Search code examples
programming-languagesimplementationbuffer-overflow

Why is bounds checking not implemented in some of the languages?


According to the Wikipedia (http://en.wikipedia.org/wiki/Buffer_overflow)

Programming languages commonly associated with buffer overflows include C and C++, which provide no built-in protection against accessing or overwriting data in any part of memory and do not automatically check that data written to an array (the built-in buffer type) is within the boundaries of that array. Bounds checking can prevent buffer overflows.

So, why are 'Bounds Checking' not implemented in some of the languages like C and C++?


Solution

  • Basically, it's because it means every time you change an index, you have to do an if statement.
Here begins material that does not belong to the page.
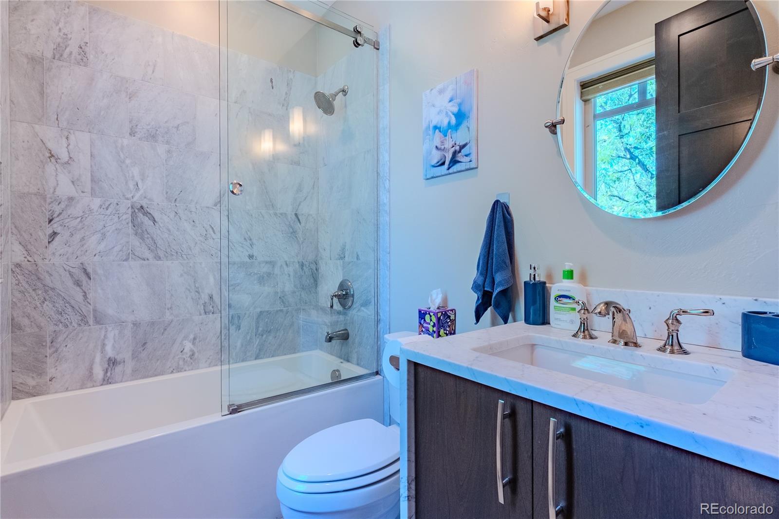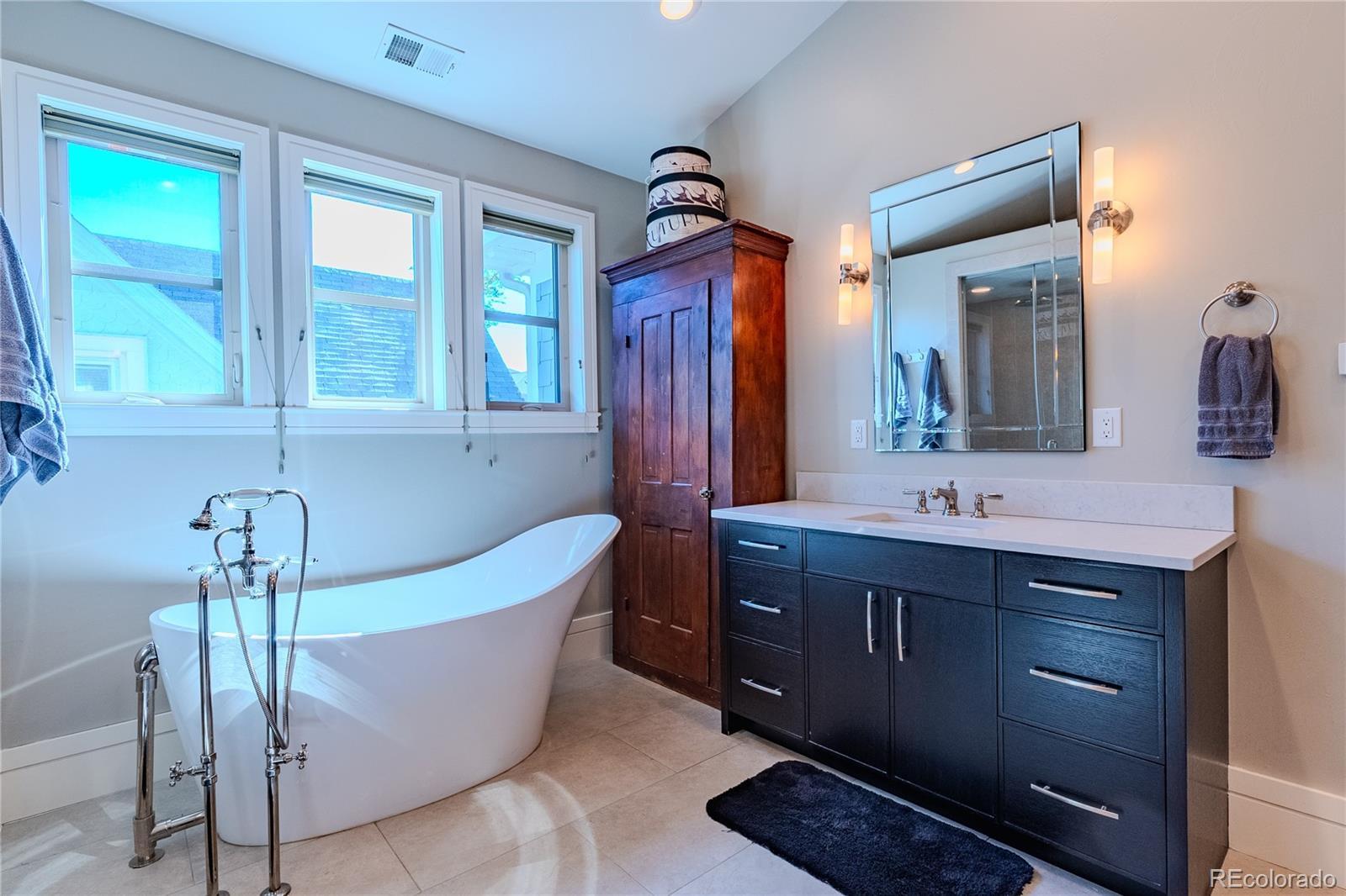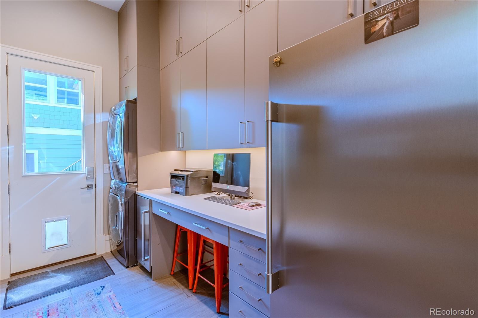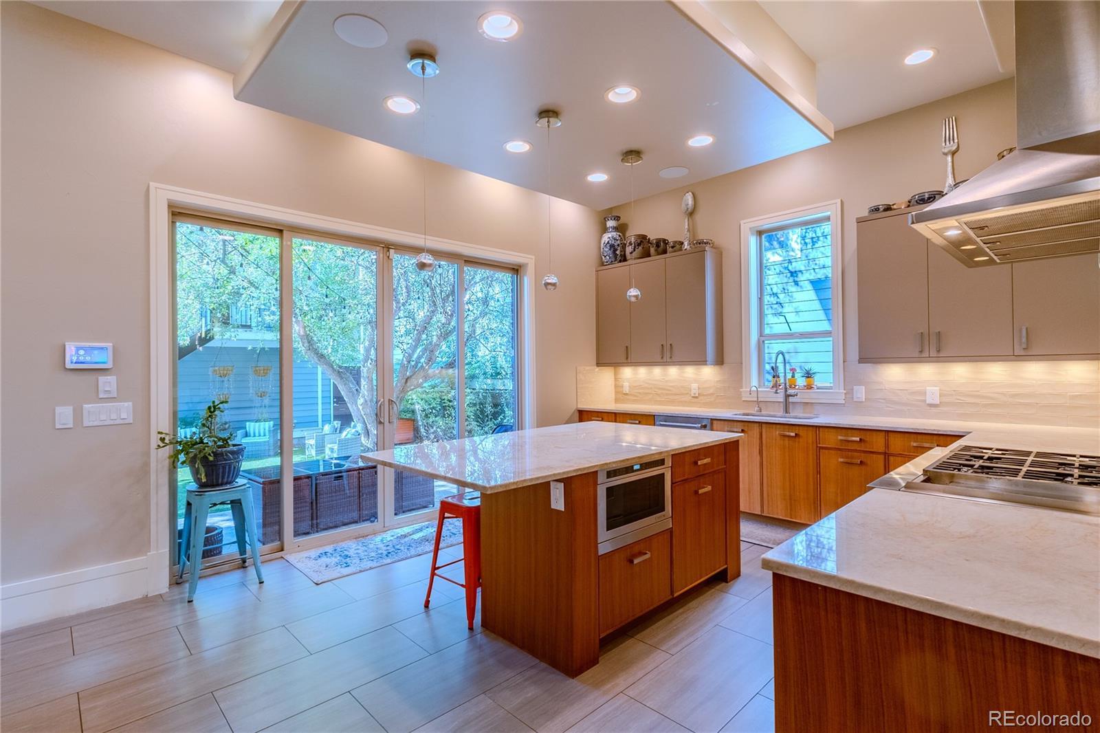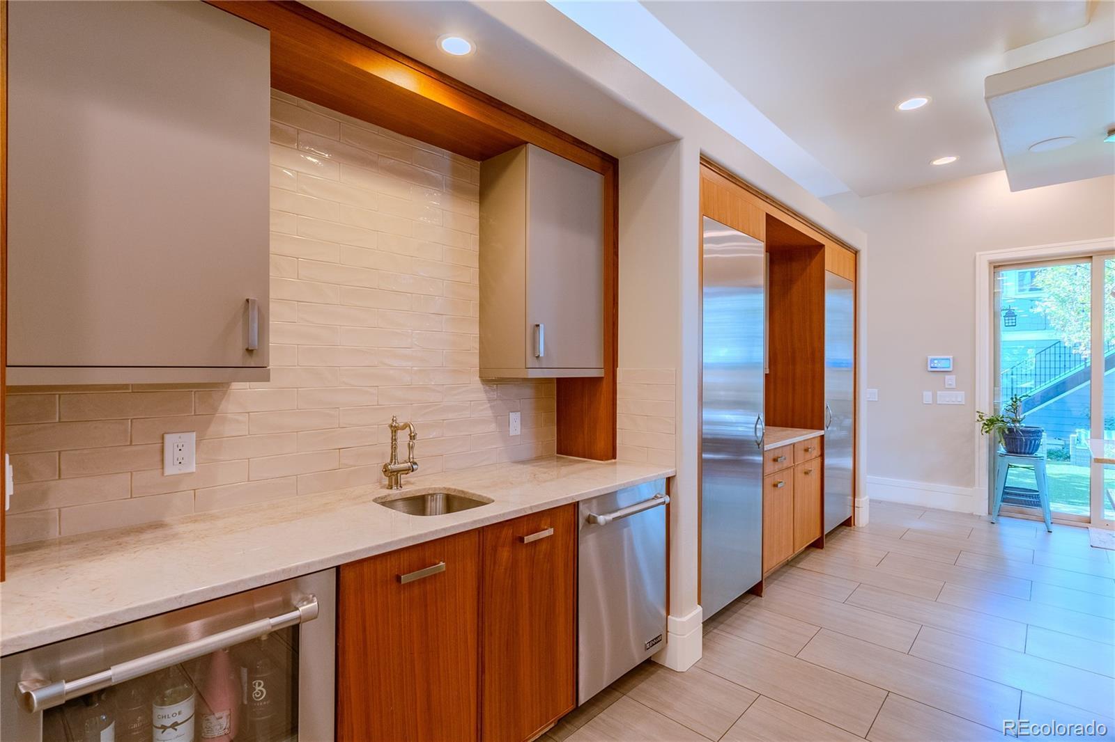A commercial-grade masterpiece exquisitely redesigned and built in 2016. Located on a serene, tree-lined street with an exceptional walk score, this home is steps from Denver’s best dining, shopping, and entertainment. Thoughtfully expanded to 4,756 sq ft, this 6-bedroom, 7-bathroom residence is modern luxury, featuring soaring 11’ ceilings on the main floor, 9’ upstairs, and 8’ in the finished lower level. Sunlit 7’ windows illuminate 5” white oak floors with radiant heating, complemented by custom 2” solid wood doors and 9” baseboard moldings for a stately, timeless appeal. Chef’s Kitchen: A culinary haven with a 6-burner gas range, griddle, double ovens, range hood, 2 dishwashers, and butler’s pantry with a wet bar, wine fridge, and ample storage. A multi-slide patio door opens to a low-maintenance turf courtyard, perfect for entertaining. Main Floor: Welcoming guest suite with an ensuite ¾ bath and a powder room for visitors. Upper Level: Three spacious bedrooms, each with ensuite baths. The primary suite boasts a private balcony, vaulted ceilings, and a spa-like bath with a steam shower, soaker tub, and two custom closets, including a dressing room with a vanity and chandelier. A second laundry closet adds convenience. Lower Level: Expansive rec room with an 11’6” custom-built wet bar, flexible space with an egress window, a ¾ bath, and a commercial-grade mechanical room. Smart Design: Dual-zone HVAC, updated windows, roof, sewer, and water lines; whole-home speaker system; smart thermostats; soft-close cabinetry; custom closets; and comfort-height vanities and counters. Laundry/Mudroom: Features a built-in desk, second fridge, and direct courtyard access for seamless living. Turnkey Income Opportunity A private Airbnb suite above the 3-car garage generates over $60,000 annually, offering passive income while preserving homeowner privacy.

    Let's consider a simple C for loop:

    int ary[X] = {...};  // Purposefully leaving size and initializer unknown
    
    for(int ix=0; ix< 23; ix++){
        printf("ary[%d]=%d\n", ix, ary[ix]);
    }
    

    if we have bounds checking, the generated code for ary[ix] has to be something like

    LOOP:
        INC IX          ; add `1 to ix
        CMP IX, 23      ; while test
        CMP IX, X       ; compare IX and X
        JGE ERROR       ; if IX >= X jump to ERROR
        LD  R1, IX      ; put the value of IX into register 1
        LD  R2, ARY+IX  ; put the array value in R2
        LA  R3, Str42   ; STR42 is the format string
        JSR PRINTF      ; now we call the printf routine
        J   LOOP        ; go back to the top of the loop
    
    ;;; somewhere else in the code
    ERROR:
        HCF             ; halt and catch fire
    

    If we don't have that bounds check, then we can write instead:

        LD R1, IX
    LOOP:
        CMP IX, 23
        JGE END
        LD R2, ARY+R1
        JSR PRINTF
        INC R1
        J   LOOP
    

    This saves 3-4 instructions in the loop, which (especially in the old days) meant a lot.
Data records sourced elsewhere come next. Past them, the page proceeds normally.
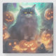 Halloween Siberian Cat With Pumpkins Scary Stone Coaster
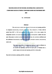 This study aims to analyze the influence of net income and operating cash flow in companies manufacturing consumer goods sector. Data obtained by 14 firms with the period from 2007 to 2010 and attributed to two variables of the study, namely: the independent variables: net income and operating cash flow and dependent variables: the stock price. Data analysis methods used are the normality test data, the correlation coefficient and the coefficient of determination, simple linear regression, descriptive statistics, t test, one way annova test. The results showed that: 1) Simultaneously there is a positive influence on net income and operating cash flow to share price. 2) Partially have a positive impact net income and operating cash flow to share price.
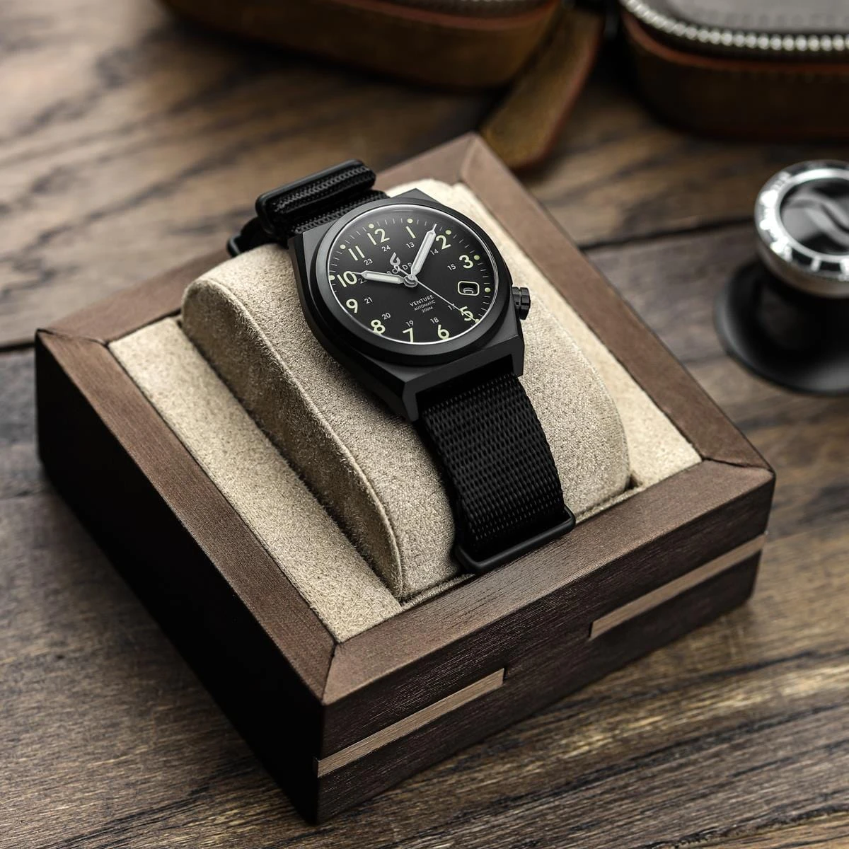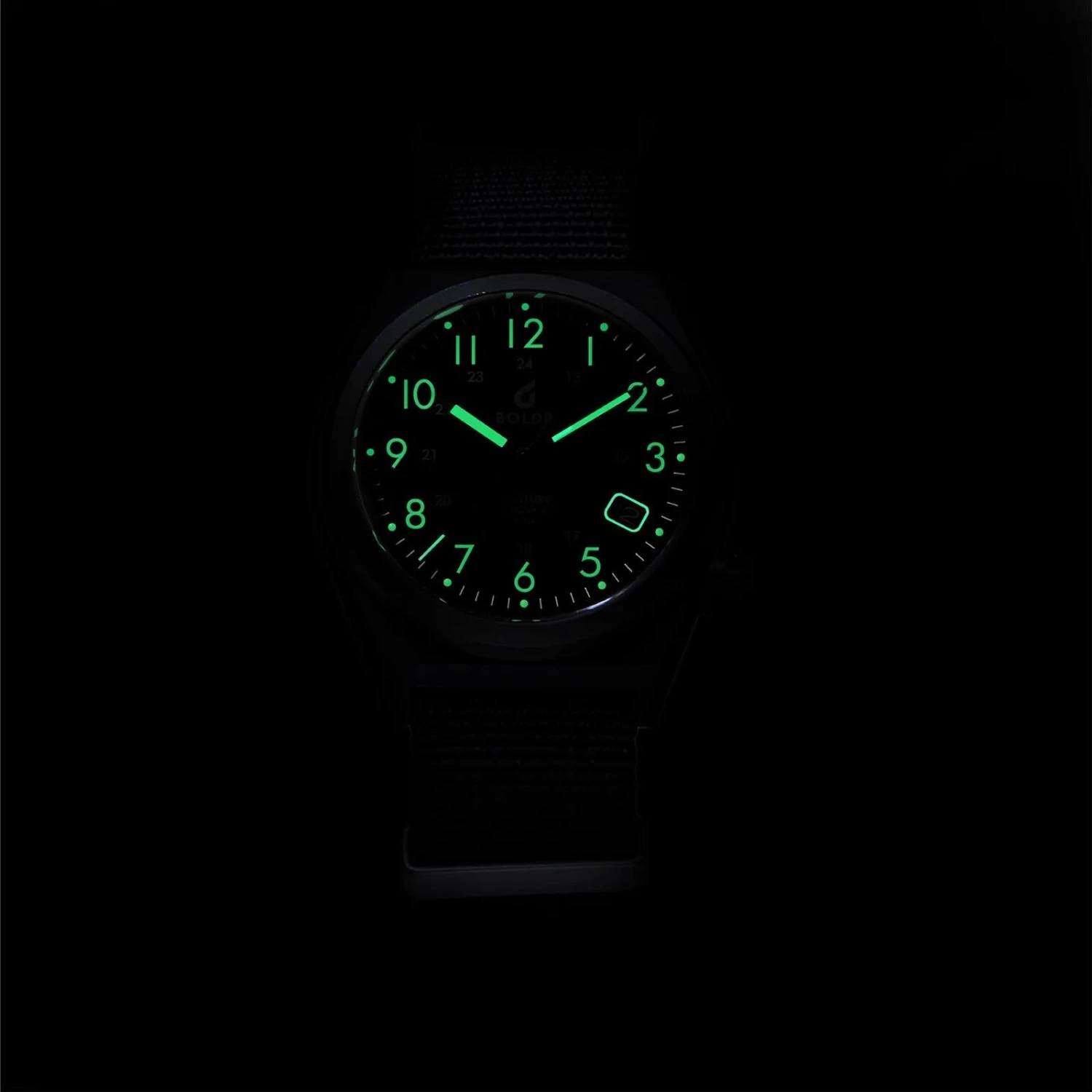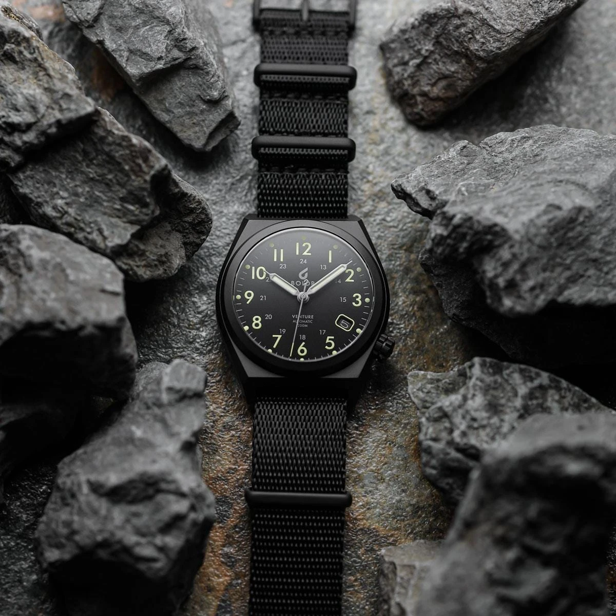 - The sleek, angular case is unique to Boldr and sets the Venture apart from other field watches.

    In fact, in the PDP-11 machines, it was even better, because there was something called "auto-increment addressing". On a PDP, all of the register stuff etc turned into something like

    CZ  -(IX), END    ; compare IX to zero, then decrement; jump to END if zero
    

    (And anyone who happens to remember the PDP better than I do, don't give me trouble about the precise syntax etc; you're an old fart like me, you know how these things slip away.)